§ The data
╔══
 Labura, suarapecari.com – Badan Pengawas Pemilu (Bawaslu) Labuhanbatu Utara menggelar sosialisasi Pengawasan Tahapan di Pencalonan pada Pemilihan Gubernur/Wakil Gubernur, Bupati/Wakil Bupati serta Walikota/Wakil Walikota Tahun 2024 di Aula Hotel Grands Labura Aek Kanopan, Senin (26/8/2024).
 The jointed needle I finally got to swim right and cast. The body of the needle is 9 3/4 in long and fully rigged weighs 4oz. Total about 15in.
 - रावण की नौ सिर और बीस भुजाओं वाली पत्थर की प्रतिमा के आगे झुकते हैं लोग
╚══
╔══
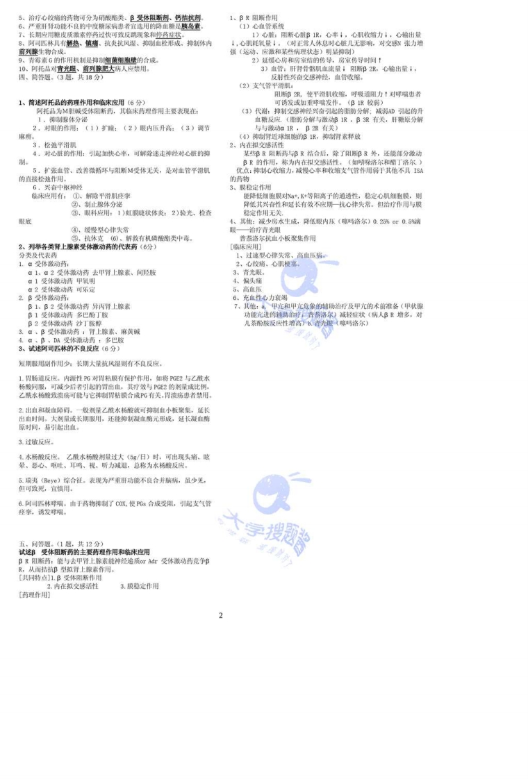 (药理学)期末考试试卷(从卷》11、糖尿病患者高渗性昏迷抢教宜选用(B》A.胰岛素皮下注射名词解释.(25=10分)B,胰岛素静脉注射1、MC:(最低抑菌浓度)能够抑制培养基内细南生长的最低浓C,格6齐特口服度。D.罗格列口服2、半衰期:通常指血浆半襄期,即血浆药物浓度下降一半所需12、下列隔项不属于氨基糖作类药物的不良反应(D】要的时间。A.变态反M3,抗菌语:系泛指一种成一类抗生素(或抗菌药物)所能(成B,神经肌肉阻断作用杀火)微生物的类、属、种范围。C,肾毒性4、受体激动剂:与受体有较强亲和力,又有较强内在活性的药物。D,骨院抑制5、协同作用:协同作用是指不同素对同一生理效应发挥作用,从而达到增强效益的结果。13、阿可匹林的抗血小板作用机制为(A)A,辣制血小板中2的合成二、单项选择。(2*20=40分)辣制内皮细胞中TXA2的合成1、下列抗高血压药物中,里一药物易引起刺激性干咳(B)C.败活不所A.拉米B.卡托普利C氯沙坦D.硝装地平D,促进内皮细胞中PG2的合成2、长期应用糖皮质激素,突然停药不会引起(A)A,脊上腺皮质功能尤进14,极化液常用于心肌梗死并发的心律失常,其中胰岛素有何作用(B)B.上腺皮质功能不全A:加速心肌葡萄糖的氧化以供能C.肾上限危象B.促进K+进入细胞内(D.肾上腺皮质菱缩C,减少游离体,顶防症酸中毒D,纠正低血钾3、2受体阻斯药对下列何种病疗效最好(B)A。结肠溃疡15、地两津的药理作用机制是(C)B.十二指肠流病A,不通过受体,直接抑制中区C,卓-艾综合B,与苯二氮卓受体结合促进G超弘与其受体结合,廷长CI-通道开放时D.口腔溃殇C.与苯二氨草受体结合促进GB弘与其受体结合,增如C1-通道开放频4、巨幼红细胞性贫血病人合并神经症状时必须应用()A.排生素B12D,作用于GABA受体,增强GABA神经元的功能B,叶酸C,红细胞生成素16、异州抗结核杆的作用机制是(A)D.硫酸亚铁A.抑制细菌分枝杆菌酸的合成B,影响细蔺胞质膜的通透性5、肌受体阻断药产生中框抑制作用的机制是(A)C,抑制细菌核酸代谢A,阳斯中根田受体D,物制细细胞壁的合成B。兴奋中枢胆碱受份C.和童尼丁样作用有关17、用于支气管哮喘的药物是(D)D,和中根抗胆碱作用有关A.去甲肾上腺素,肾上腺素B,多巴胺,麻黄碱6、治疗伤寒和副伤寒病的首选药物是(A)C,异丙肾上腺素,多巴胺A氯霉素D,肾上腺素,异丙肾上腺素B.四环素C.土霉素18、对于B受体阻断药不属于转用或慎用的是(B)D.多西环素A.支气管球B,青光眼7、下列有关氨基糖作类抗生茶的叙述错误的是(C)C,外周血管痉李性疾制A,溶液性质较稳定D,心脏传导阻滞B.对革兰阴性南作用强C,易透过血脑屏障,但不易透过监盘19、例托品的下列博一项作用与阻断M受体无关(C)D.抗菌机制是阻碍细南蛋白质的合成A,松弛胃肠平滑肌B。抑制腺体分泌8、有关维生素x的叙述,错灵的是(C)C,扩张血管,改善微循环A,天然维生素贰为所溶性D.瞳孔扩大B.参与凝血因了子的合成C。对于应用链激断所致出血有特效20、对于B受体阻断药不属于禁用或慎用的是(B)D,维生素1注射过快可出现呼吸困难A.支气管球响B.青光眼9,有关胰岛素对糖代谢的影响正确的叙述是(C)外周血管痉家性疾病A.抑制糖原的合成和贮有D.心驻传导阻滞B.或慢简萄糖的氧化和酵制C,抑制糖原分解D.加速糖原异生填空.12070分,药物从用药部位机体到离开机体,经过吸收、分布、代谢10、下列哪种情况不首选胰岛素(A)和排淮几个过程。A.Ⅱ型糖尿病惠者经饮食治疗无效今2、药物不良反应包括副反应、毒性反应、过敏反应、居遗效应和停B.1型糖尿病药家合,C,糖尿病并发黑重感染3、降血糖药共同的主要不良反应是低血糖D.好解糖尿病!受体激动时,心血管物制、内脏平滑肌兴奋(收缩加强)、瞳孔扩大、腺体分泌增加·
╚══
§ Task prompt
Retype exactly the lines of the data above that fall between the line with "The jointed needle" and the line with "- रावण की नौ", inclusive, and add nothing.

§ Your response
 The jointed needle I finally got to swim right and cast. The body of the needle is 9 3/4 in long and fully rigged weighs 4oz. Total about 15in.
 - रावण की नौ सिर और बीस भुजाओं वाली पत्थर की प्रतिमा के आगे झुकते हैं लोग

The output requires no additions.